WHAT IS REQUIRED: Go to the line below that has "Supplemental Lift-Modifying Devices", print it and each line after it exactly, and stop after the line that has "The patient was"; leave out pictures.

DATA UNDER STUDY:

--- START ---

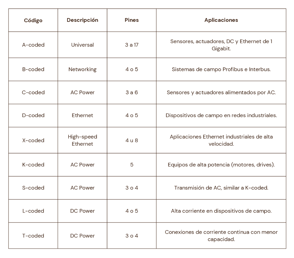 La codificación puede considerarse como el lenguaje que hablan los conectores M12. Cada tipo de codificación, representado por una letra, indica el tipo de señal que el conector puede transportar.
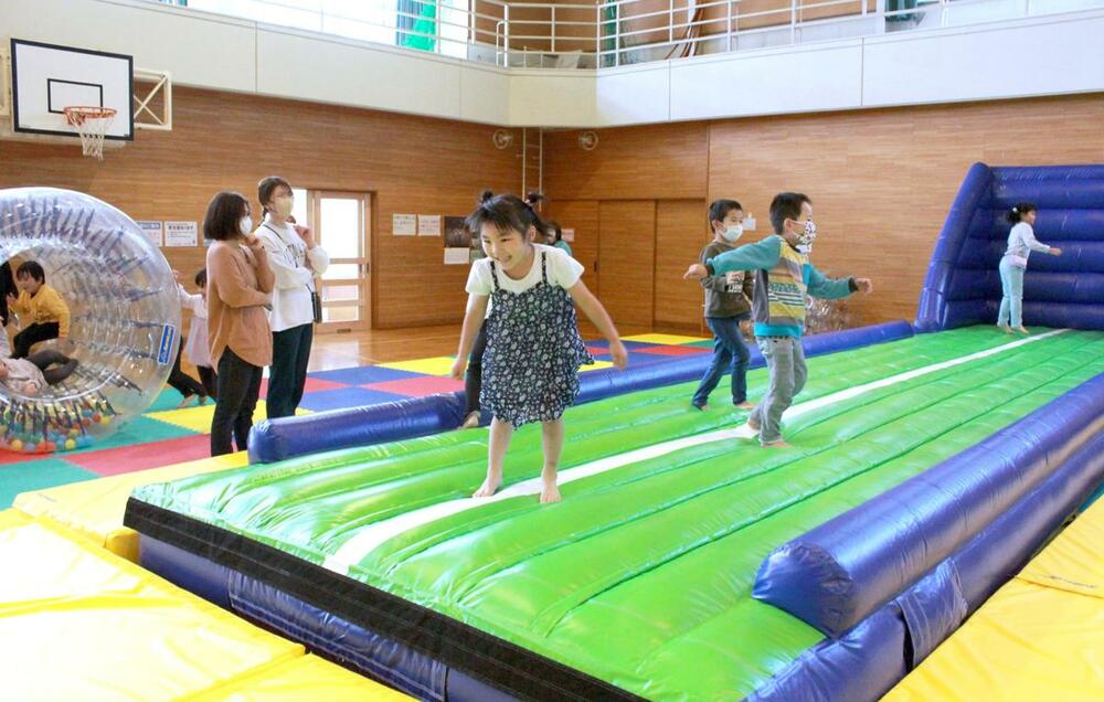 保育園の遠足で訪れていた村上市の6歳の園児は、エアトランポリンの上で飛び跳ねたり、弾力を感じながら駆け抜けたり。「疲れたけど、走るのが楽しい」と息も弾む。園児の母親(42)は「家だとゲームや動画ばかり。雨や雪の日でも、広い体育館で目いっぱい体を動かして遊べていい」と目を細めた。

--- END ---
--- START ---

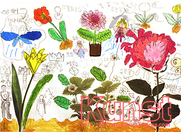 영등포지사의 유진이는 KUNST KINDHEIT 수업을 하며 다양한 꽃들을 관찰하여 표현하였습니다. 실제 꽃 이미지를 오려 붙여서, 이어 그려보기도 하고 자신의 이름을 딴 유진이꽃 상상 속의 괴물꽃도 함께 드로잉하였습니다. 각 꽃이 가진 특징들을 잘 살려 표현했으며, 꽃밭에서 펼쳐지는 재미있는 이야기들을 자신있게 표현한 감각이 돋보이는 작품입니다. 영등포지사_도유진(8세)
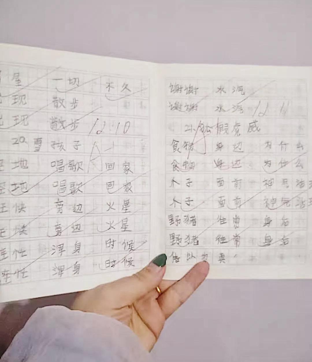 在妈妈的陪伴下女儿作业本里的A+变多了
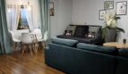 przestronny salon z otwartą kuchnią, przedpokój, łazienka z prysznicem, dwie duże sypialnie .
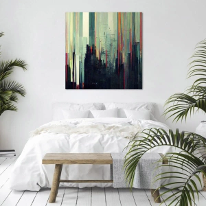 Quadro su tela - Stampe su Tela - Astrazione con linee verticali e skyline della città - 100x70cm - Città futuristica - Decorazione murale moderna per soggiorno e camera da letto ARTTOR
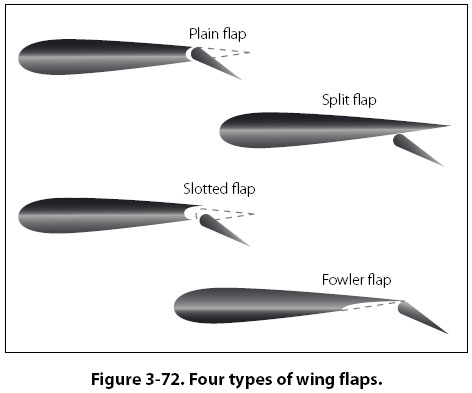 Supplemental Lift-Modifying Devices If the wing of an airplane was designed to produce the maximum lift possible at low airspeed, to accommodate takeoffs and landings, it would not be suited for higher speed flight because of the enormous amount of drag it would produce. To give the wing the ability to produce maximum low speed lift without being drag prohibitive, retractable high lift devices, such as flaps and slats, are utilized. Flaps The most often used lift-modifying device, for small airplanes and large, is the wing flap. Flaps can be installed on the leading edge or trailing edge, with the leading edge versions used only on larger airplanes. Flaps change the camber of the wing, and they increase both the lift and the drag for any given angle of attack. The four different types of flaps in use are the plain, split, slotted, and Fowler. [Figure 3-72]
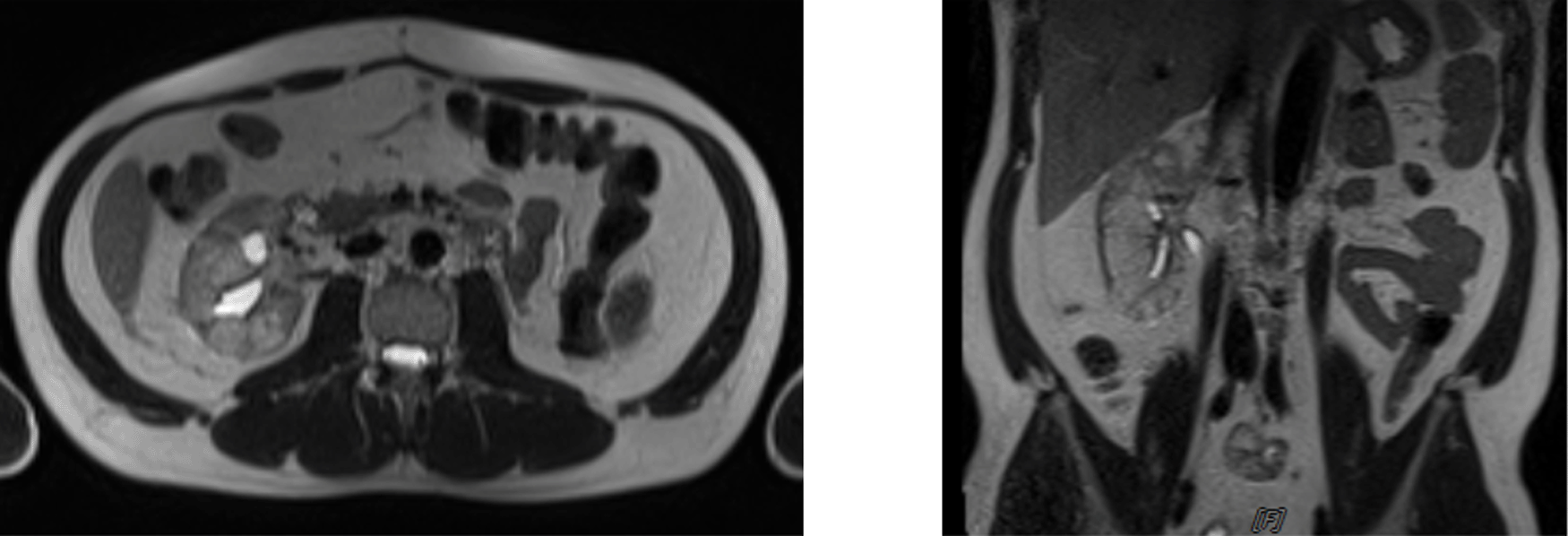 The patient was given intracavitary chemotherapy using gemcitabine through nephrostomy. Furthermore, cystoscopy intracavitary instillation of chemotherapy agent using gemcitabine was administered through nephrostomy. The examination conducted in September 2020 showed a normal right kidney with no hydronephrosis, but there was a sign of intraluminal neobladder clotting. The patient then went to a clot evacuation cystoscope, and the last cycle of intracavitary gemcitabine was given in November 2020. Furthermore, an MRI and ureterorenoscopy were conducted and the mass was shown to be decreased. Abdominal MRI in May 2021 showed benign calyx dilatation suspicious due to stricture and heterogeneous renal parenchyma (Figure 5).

--- END ---
--- START ---

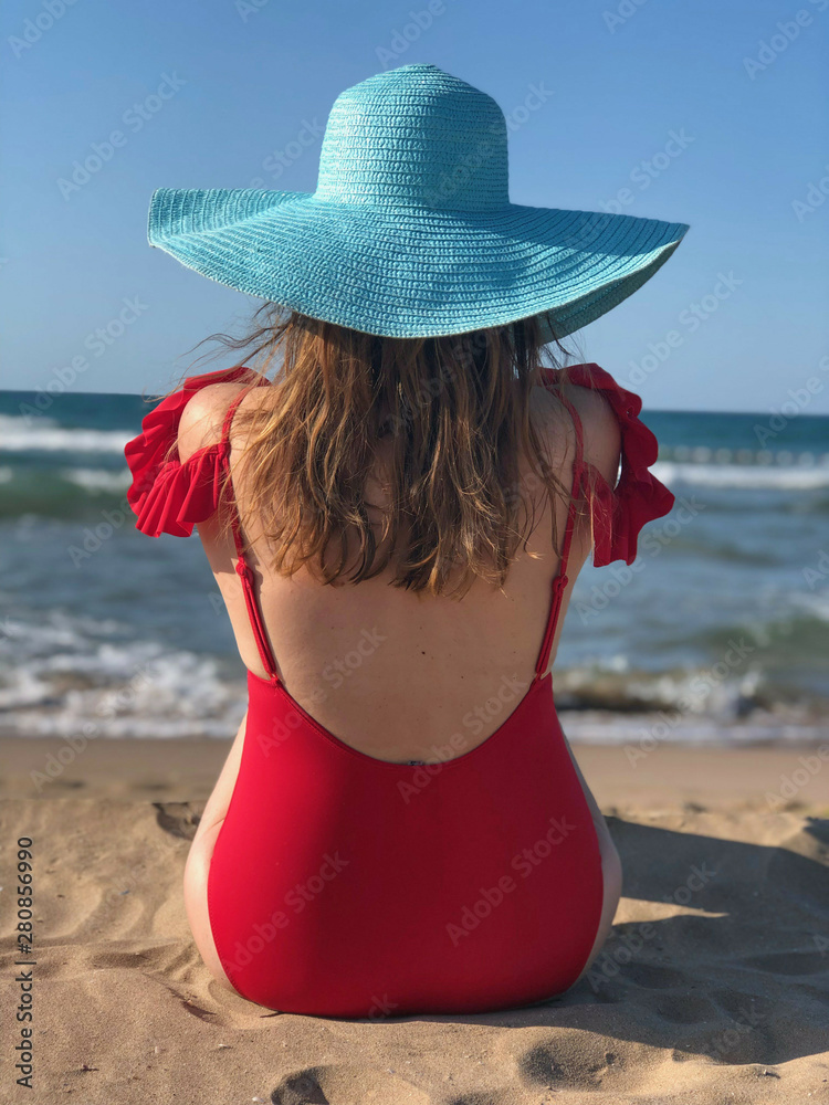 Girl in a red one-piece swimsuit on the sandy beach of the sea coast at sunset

--- END ---

ANSWER:
 Supplemental Lift-Modifying Devices If the wing of an airplane was designed to produce the maximum lift possible at low airspeed, to accommodate takeoffs and landings, it would not be suited for higher speed flight because of the enormous amount of drag it would produce. To give the wing the ability to produce maximum low speed lift without being drag prohibitive, retractable high lift devices, such as flaps and slats, are utilized. Flaps The most often used lift-modifying device, for small airplanes and large, is the wing flap. Flaps can be installed on the leading edge or trailing edge, with the leading edge versions used only on larger airplanes. Flaps change the camber of the wing, and they increase both the lift and the drag for any given angle of attack. The four different types of flaps in use are the plain, split, slotted, and Fowler. [Figure 3-72]
 The patient was given intracavitary chemotherapy using gemcitabine through nephrostomy. Furthermore, cystoscopy intracavitary instillation of chemotherapy agent using gemcitabine was administered through nephrostomy. The examination conducted in September 2020 showed a normal right kidney with no hydronephrosis, but there was a sign of intraluminal neobladder clotting. The patient then went to a clot evacuation cystoscope, and the last cycle of intracavitary gemcitabine was given in November 2020. Furthermore, an MRI and ureterorenoscopy were conducted and the mass was shown to be decreased. Abdominal MRI in May 2021 showed benign calyx dilatation suspicious due to stricture and heterogeneous renal parenchyma (Figure 5).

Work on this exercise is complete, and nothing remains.